I use .55 Sumeike with 5/16" bb. 5/8" to 1/2" taper over 6.5" for my 33" draw target shooting

.70 Sumeike .44cal lead bb, 1 1/4" to 1" taper over 6.5" to get critters


----------



## Duke1066 (Apr 20, 2019)

Do you know of any us seller that sells precut tapers?


----------



## Blaze (Apr 6, 2019)

Duke1066 said:


> Do you know of any us seller that sells precut tapers?


No. But its so easy to cut with a rotary cutter. Give it a try.


----------



## raventree78 (Apr 20, 2016)

Duke1066 said:


> Do you know of any us seller that sells precut tapers?

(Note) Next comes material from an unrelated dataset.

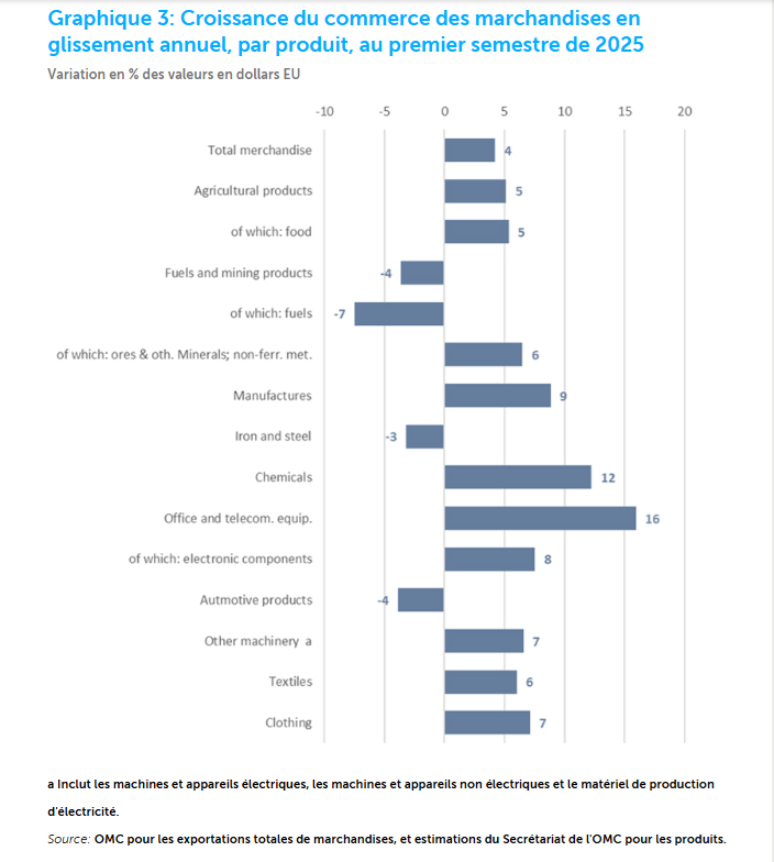 Le graphique 3 montre la croissance en glissement annuel de la valeur en dollars EU du commerce mondial des marchandises, par grande catégorie de produits, au premier trimestre.1 Les meilleurs résultats ont été enregistrés pour le matériel de bureau et de télécommunication (+16% en glissement annuel), devant les produits chimiques (+12%) et les vêtements (+7%). Parmi les catégories de produits considérées, seuls les produits de l’industrie automobile (-4%), les combustibles et produits miniers (-4%, dont -7% pour les combustibles), et le fer et l’acier (-3%) ont diminué en valeur. Si les prix des combustibles ont peu varié par rapport au même trimestre de l’année précédente, ceux des métaux et des minéraux (à l’exclusion de l’or et de l’argent) ont augmenté de 8%.

Yes simple shot does: https://simple-shot.com/vip/die-cut-slingshot-bands/


----------



## skarrd (Jul 20, 2011)

i usually use office bands and 1/2 in by 2 in pouches for BBs,occassionaly 3/8s wide TBG same pouches,pull to my earlobe,and they seem to work well for what they are and what they shoot


----------



## Brewmaster (Jul 8, 2021)

I just made a set of bands for BB's. I am shooting a short draw setup (31") OTT. Here are the results. They are FAST, but I do not get any hand slap and so far have over 400 shots on the band set. Hope this helps. Cheers, Steve


----------



## Henry the Hermit (Jun 2, 2010)

Blaze said:


> What size BB's to use?
> 
> 
> 
> Thinking of theraband, what is the best width of gold to use and for which application and what size BB.


3/8 steel is the most commonly used pellet size.. BB is a shot size designation, and there is only one BB size. Yes, I know I'm being anal, and urinating over the windward rail.


----------



## josephlys (May 4, 2010)

9mm lead = 0.75 precise 170mm (20-12 taper)
10.5mm lead = 0.90 precise 170mm (20-12)

For shortdraw style under<500% elongation


----------